Checking back with syslog (RFC5424) there are severities defined like this:

Emergency: system is unusable
Alert: action must be taken immediately
Critical: critical conditions
Error: error conditions
Warning: warning conditions
Notice: normal but significant condition
Informational: informational messages
Debug: debug-level messages

I know, we don't have all of them in the log levels, but close enough.

I guess everything of error and above is the same for us. Above error might be a panic on the console. But that's not part of the log system of the application.

When taking a look at what we do, and what tracing does by default, then that's spamming a lot of information on the INFO level. Which is ok, if we assume that the application will be run on WARN. Because other than a developer debugging, only WARN and above would be important for an operator of the software.

For instrumenting we mostly have #[instrument(..., ret)] or #[instrument(..., err)]. Which logs the span with the result on INFO, of the error on ERROR. However, an error on a function isn't necessary a log worthy ERROR for the person operating this software.

So I think we need a set of rules, maybe with examples, that explain how to consistently apply instrumentation and log levels.

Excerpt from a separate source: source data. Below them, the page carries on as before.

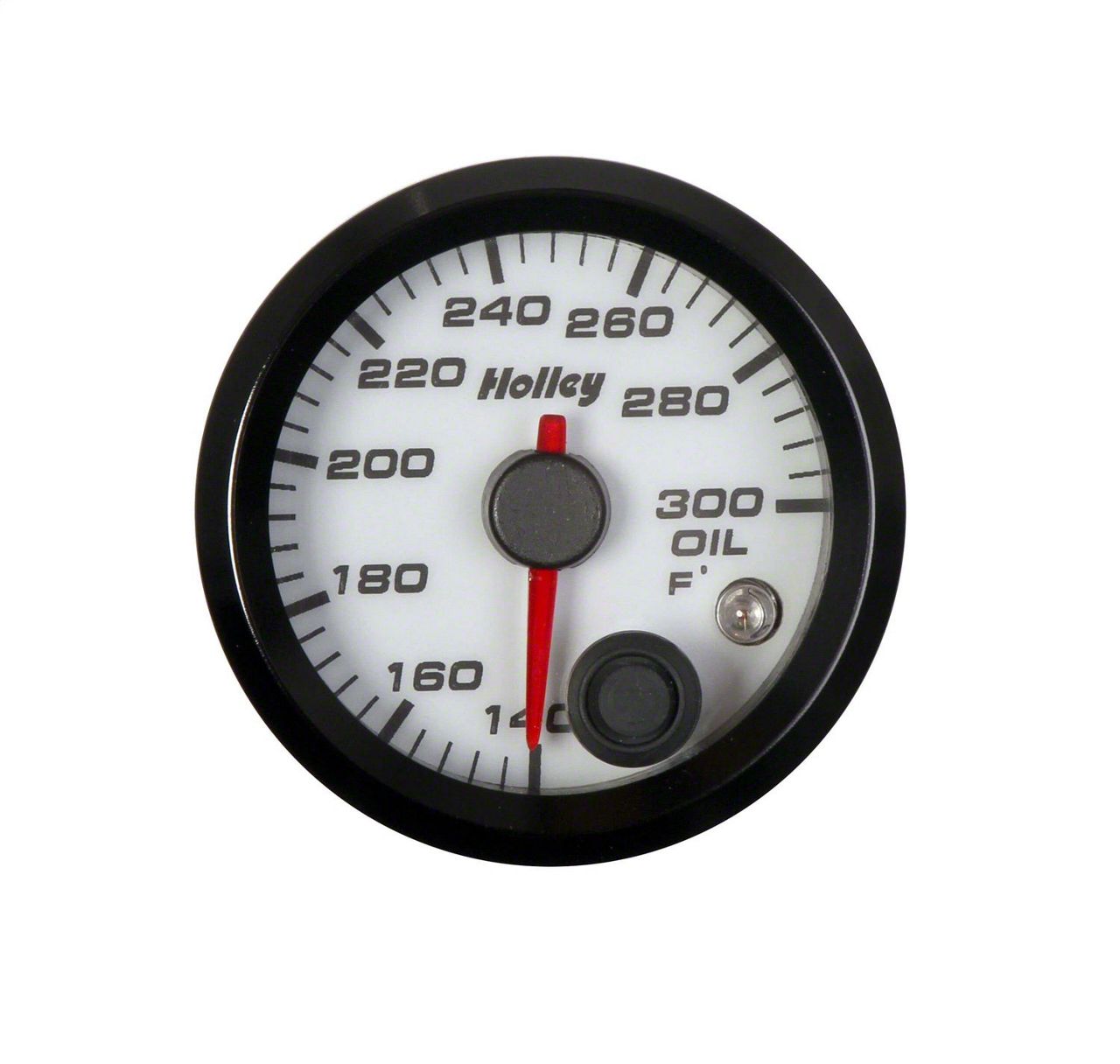 Holley's analog-style standalone gauges gives you a simple yet modern way to monitor all types of engine and drivetrain functions. Their slim style mounting requires very little dash space depth for mounting. All of our gauges feature dimmable LED backlighting to ensure you can always see the gauge no matter the environment. Choose from a large variety of applications for all types of temperature and pressure monitoring along with programmable fuel level and voltage options. Each are tested to insure a top quality accurate gauge. The Holley gauges are designed for a 2-1/16" opening and available with black face with white lettering or white face with black lettering.
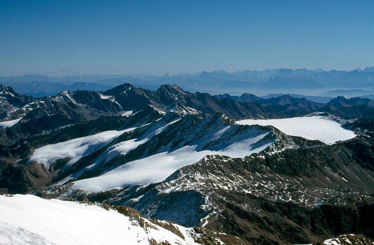 Schranferner links. Etwas rechts der Hinteren Schran Spitze liegt die
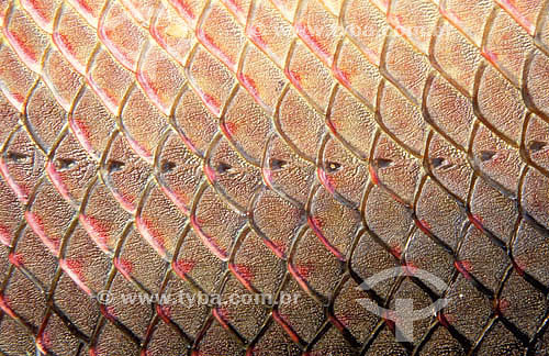 •  Assunto: Detalhe da escama de pirarucu (Arapaima gigas) / Local: Maraã - Amazonas (AM) - Brasi / Data: 11/2013

Replies: 4 comments 7 replies

helio-frota
Jan 8, 2025
Collaborator

Docs link

0 replies

helio-frota
Jan 22, 2025
Collaborator

And the performance impact:

Random non-scientific examples:

#[instrument],
#[instrument(skip_all, ret)],
#[instrument(skip_all)]

a
b
c

0 replies

helio-frota
Jan 22, 2025
Collaborator

Currently we have these parts instrumented link

As the tracing crate is a 'general purpose system' to emit events, and OTEL rust crates make use of it , I think the team needs to decide what needs to be instrumented considering:

The spamming information ( mentioned in the first comment )
The performance impact
Who are the interested in looking at the trace results

Example:

Instrument everything by layers?

Endpoint
- Business / service layer
  - DB

Or specific points of interest ? Or a mix of both ?

6 replies

@ctron

ctron Jan 23, 2025
Maintainer Author

I assume this is only true for the initial endpoint function? Further on, service functions (etc), still need the instrumentation macro?

@helio-frota

helio-frota Jan 23, 2025
Collaborator

Further on, service functions (etc), still need the instrumentation macro?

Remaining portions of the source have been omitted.